# Brooklyn Brewery



## Schecter30 (Dec 12, 2006)

http://www.brooklynbrewery.com/
If thier available pick up some beers from these guys. I've had the chocolate stout and the lager and its lookin like everything they put out is some top-notch full flavored beer.


----------



## tnip23 (Oct 31, 2006)

Schecter30 said:


> http://www.brooklynbrewery.com/
> If thier available pick up some beers from these guys. I've had the chocolate stout and the lager and its lookin like everything they put out is some top-notch full flavored beer.


for the price, the black chocolate stout is one of the best values for that style.


----------



## hova45 (Jun 17, 2007)

Schecter30 said:


> http://www.brooklynbrewery.com/
> If thier available pick up some beers from these guys. I've had the chocolate stout and the lager and its lookin like everything they put out is some top-notch full flavored beer.


Try their Pilsner it is amazing


----------



## dayplanner (Dec 11, 1997)

The black chocolate stout is fukking outstanding. The brown ale is pretty good good too.


----------



## Schecter30 (Dec 12, 2006)

hova45 said:


> Try their Pilsner it is amazing


Nice, definitely going to try it.


----------



## lightning9191 (Mar 30, 2008)

carbonbased_al said:


> The black chocolate stout is fukking outstanding.


:tpd: It is in my top 3 beers!


----------



## mosesbotbol (Sep 21, 2005)

They're an excellent brewery that is often overlooked.


----------



## newcigarz (Feb 11, 2007)

Black Chocolate Stout and Monster Barleywine. Two of my Favs:tu


----------



## Mr.Maduro (Aug 2, 2006)

The Brooklyn Brewery is walking distance from my home. A few times throughout the year, they open their doors for tours, and have street festivals with live music and all-you-can-drink beer for one flat fee!! :al

Their Local 1 special edition is really good too!!


----------



## newcigarz (Feb 11, 2007)

Mr.Maduro said:


> Their Local 1 special edition is really good too!!


Oh yeah, I forgot about that one. It is very good. Also the new one that was produced in collaboration with Schneider is great!


----------



## Corona Gigante-cl (Sep 8, 2005)

I used to love their beer when I lived in NYC. The "Brooklyn Lager" was my favorite.


----------



## hatred (May 17, 2006)

i can't believe there are so many brooklyn brewery fans around here. i have to stiff arm the vendors and side step reps just to get past that crap. unfortunately, it's always between the front door and good beer.

i'm sure they make some good beer, but of the dozen or so varieties i've tried, i've found they range from horrible to mehhh (not bad, but by no means good).

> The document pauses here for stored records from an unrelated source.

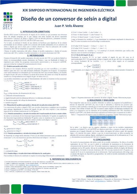 La industria, emplea máquinas eléctricas complejas como los selsines. Este transductor es empleado en los sistemas de seguimiento sincrónico como transmisores y receptores de posición angular. Sustituir estas máquinas eléctricas por otros elementos en ocasiones no es factible porque conlleva modificaciones mecánico-constructivas invasivas, debido a la alta complejidad de integración a los sistemas en que se encuentran acopladas, además de que presentan altas resoluciones, alta robustez ante interferencias eléctricas y fenómenos mecánicos. Por lo que se propone diseñar un conversor de selsín a digital como interfaz de hardware para digitalizar y procesar a través de un modelo matemático las señales provenientes del selsín y obtener la posición angular del transductor. Los objetivos son, obtención del modelo matemático del selsín, modelo matemático del conversor de selsín a digital, desarrollo de la interfaz de hardware y validación del sistema. Durante el desarrollo del trabajo se hace empleo de programas computacionales como Matlab, LabVIEW y Proteus para el diseño y simulación.  Se obtuvo el modelo matemático de un conversor de selsín a digital con una resolución de 0.0219 grados para un conversor de 12 bits con indicación de ángulo en los cuatro cuadrantes del eje de coordenadas cartesiano y no se presentan variaciones en el resultado de la posición angular ante variaciones de la tensión del rotor. Se logró una interfaz de hardware para digitalizar y procesar a través de un modelo matemático las señales provenientes del selsín y obtener la posición angular del transductor.
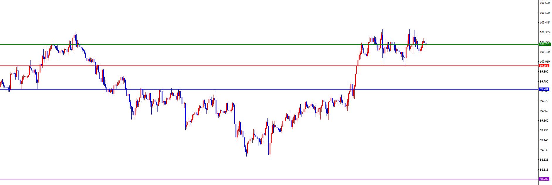 La cuenca clave es el área 99,95-100,20. El precio se mantiene largo hasta que no haya señal de reversión (la clave es centrarse en si puede ocurrir una reversión en el momento)
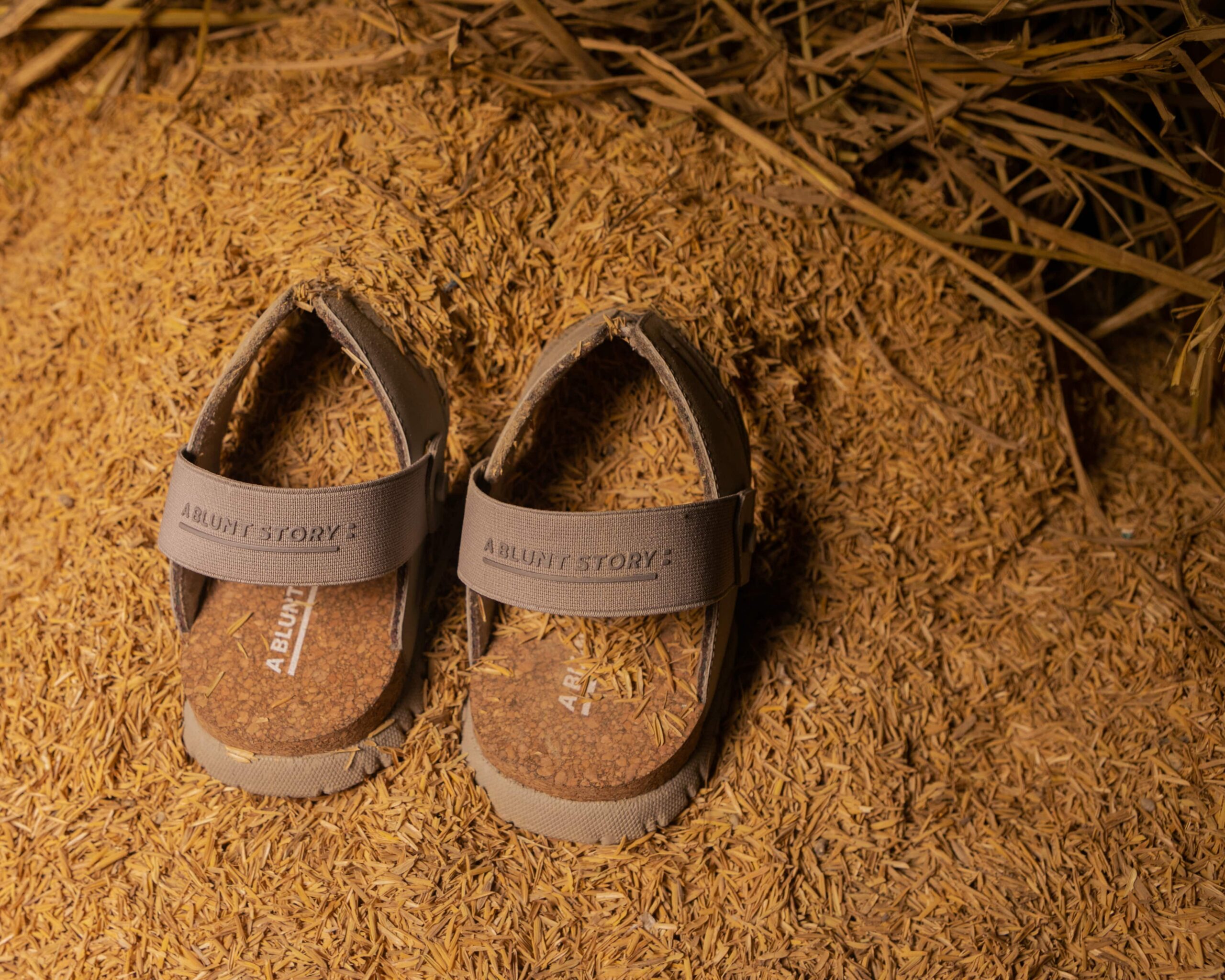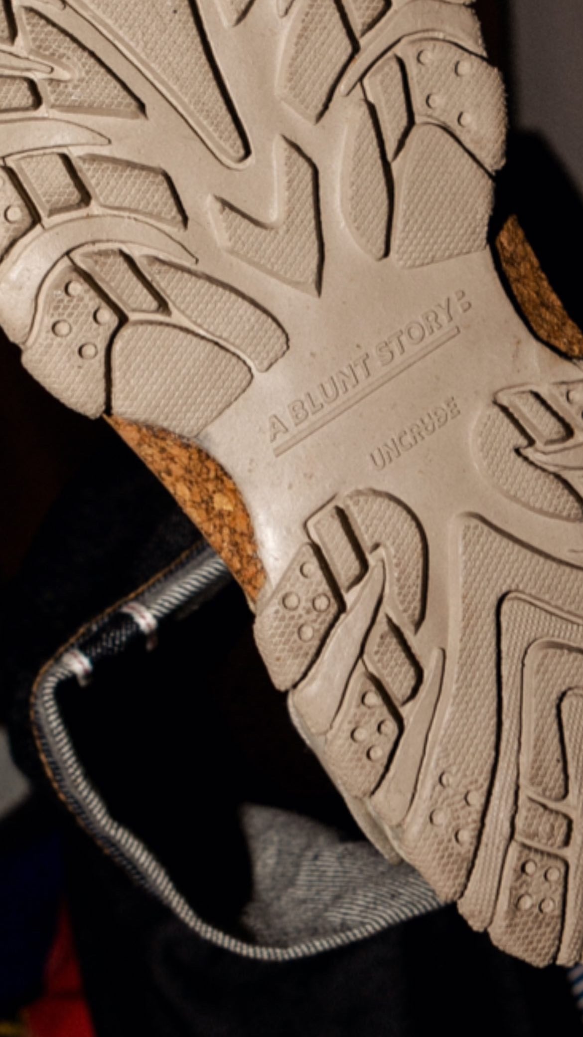 A BLUNT STORY has developed UNCRUDE®, a proprietary sole technology designed to reduce the environmental impact of footwear. Conventional footwear soles are typically made from petroleum-derived materials such as EVA, TPU and synthetic rubbers. These materials can shed microplastics during use and persist in the environment for extended periods after disposal.
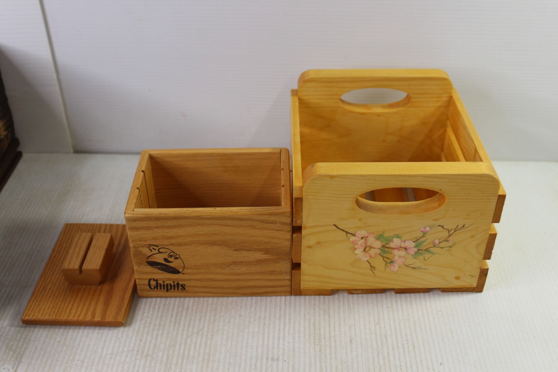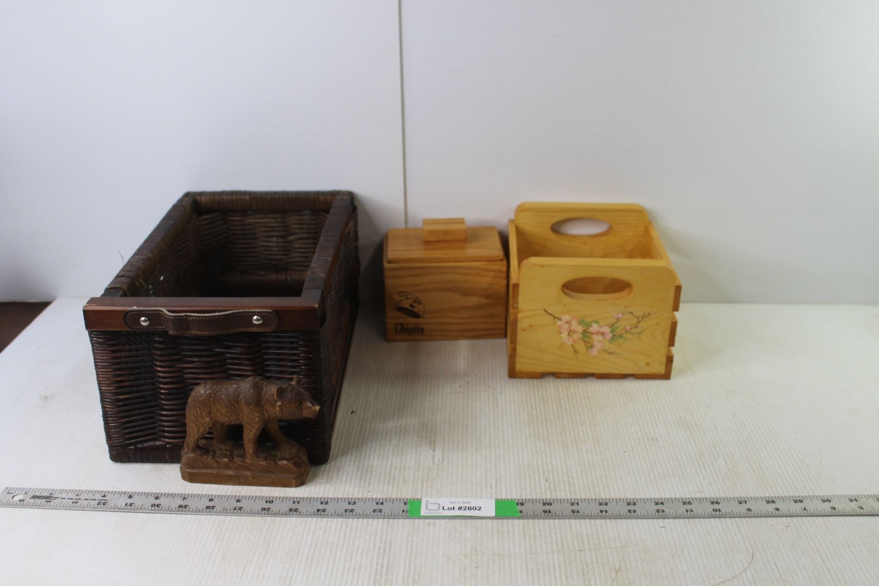 Wood Bear Figurine, (2) Wood Boxes, Wicker Box
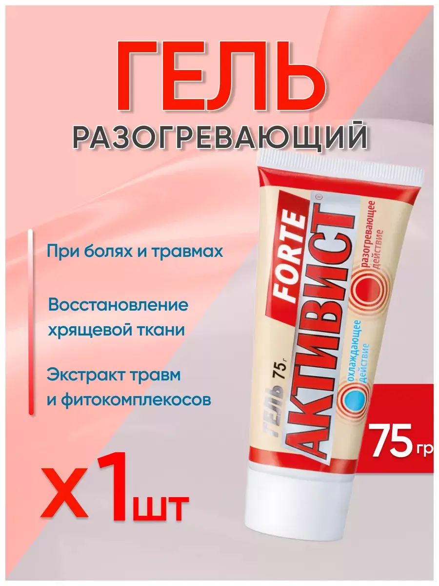 Гель мазь крем Активист, для ухода за кожей в области суставов. Обладает охлаждающей разогревающим эффектом. Снимает напряжение и усталость мышц. Улучшает микроциркуляцию крови. Оказывает противовоспалительное действие. Ускоряет рассасывание гематом и отёков. Улучшает эластичность стенок сосудов. Сразу после нанесения начинается охлаждающее действие благодаря эфирному маслу эвкалипта и ментолу. Компоненты глубоко проникают в ткани, активизируют защитные силы организма, обладают болеутоляющим, противовоспалительным действием. Затем начинается согревающее и расслабляющее действие благодаря уникальному фитокомплексу. **Состав:** фитокомплекс, содержащий экстракты конского каштана, полыни, пихты, перца красного; эфирное масло эвкалипта; эфирное масло мяты; камфора; ментол; глицерин; скипидар; карбопол; триэтаноламин; роконсал; вода очищенная. Гель наносят на чистую, сухую кожу и втирают легкими массажными движениями. Гель можно не смывать.
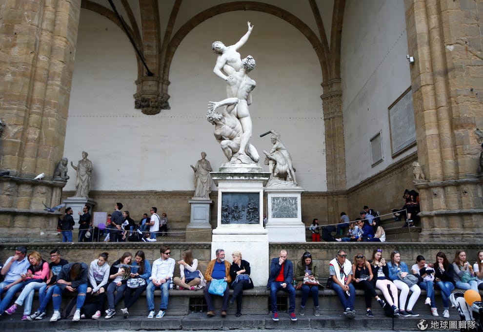在義大利佛羅倫斯舊宮前的領主廣場,觀光客們坐在石椅上休息。
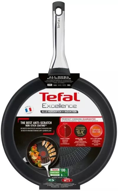 Nezaměnitelný prskavý zvuk kuřecího masa vloženého do pánve, rachocení nádobí, rychlý pohyb vařečky přesně ve správnou chvíli. Extrémní vaření si žádá pánev, která ustojí extrémní podmínky. Pánev Tefal Excellence spojuje zcela nový povrch TITANIUM 6X ANTI-SCRATCH s vynikající nepřilnavostí a odolností, která zvládne i kovové náčiní, a zvláště silným dnem THERMO-FUSION™+, které povýší vaše výsledky v kuchyni na novou úroveň.
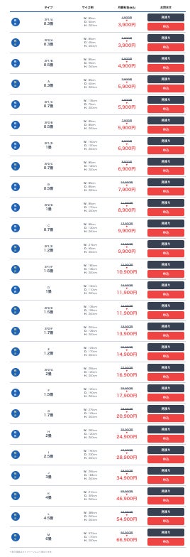 トランクルームってどのくらいの広さで、どの程度の荷物が収まるの?
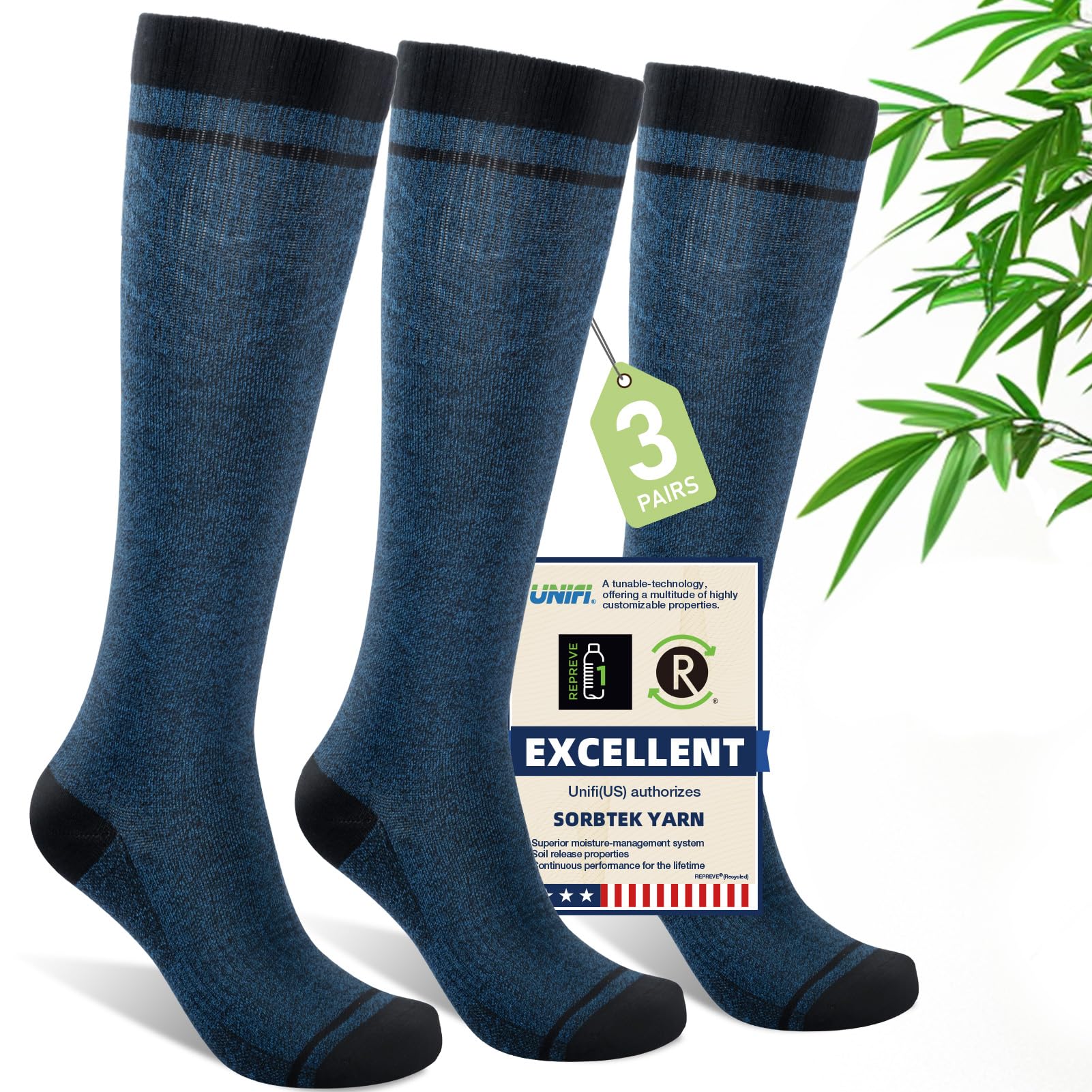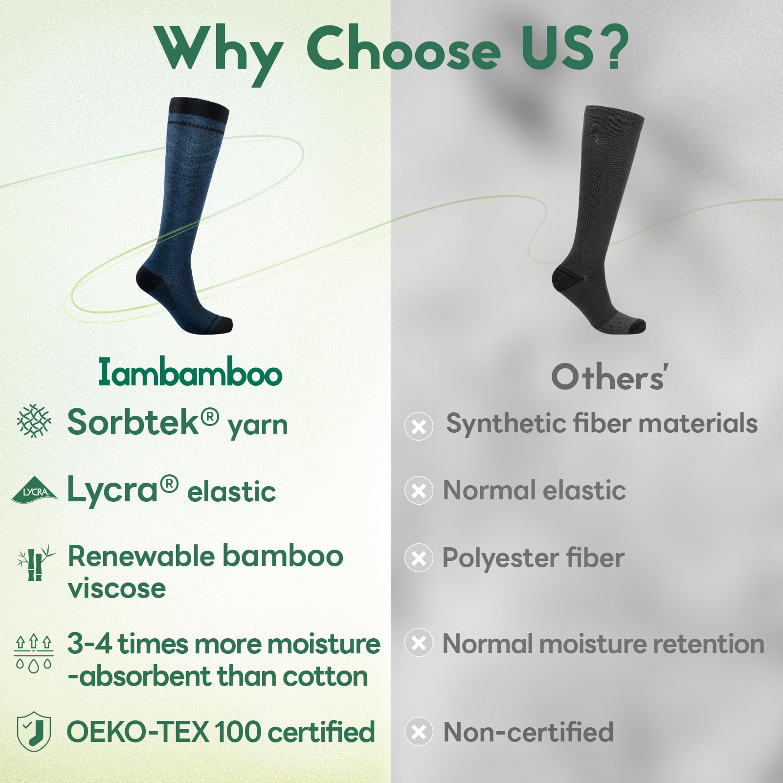 Ultra-Premium Blend:Made with 80% renewable bamboo viscose, advanced US Sorbtek yarn, and Lycra spandex, these compression socks enhance moisture-wicking by 60% while delivering superior breathability, odor resistance, and ultra-soft comfort. The lightweight graduated compression promotes circulation without restricting movement, offering easy-care durability for all-day wear—ideal for sensitive skin and extended seasonal use.

if you can find brooklyn brewery around, try to find berkshire brewery out of MA.


----------



## dayplanner (Dec 11, 1997)

hatred said:


> i can't believe there are so many brooklyn brewery fans around here. i have to stiff arm the vendors and side step reps just to get past that crap. unfortunately, it's always between the front door and good beer.
> 
> i'm sure they make some good beer, but of the dozen or so varieties i've tried, i've found they range from horrible to mehhh (not bad, but by no means good).
> 
> if you can find brooklyn brewery around, try to find berkshire brewery out of MA.


Dude, you hate a lot of popular beers. If brooklyn was brewing crap, the stuff wouldn't be selling, would it?


----------



## Benjy (Apr 25, 2007)

I like all the Brooklyn Brewery beers I've had, especially the Monster Ale barleywine. Berkshire Brewing Company is good too...and right down the street from me.


----------



## hatred (May 17, 2006)

carbonbased_al said:


> Dude, you hate a lot of popular beers. If brooklyn was brewing crap, the stuff wouldn't be selling, would it?


you make a good point, however, McDonalds sells a lot of burgers every year... tell me they're not crap.

as for brooklyn brewery... perhaps i spoke too harshly. i don't hate brooklyn brewery. i simply find it... bland. i have found several of their beers to be ok at best. there's nothing wrong with that, but i tend to keep looking.

to each, their own. it could be my palate, my preferences. in my mind, nothing comes out of there that can hold a candle to a number of German breweries.


----------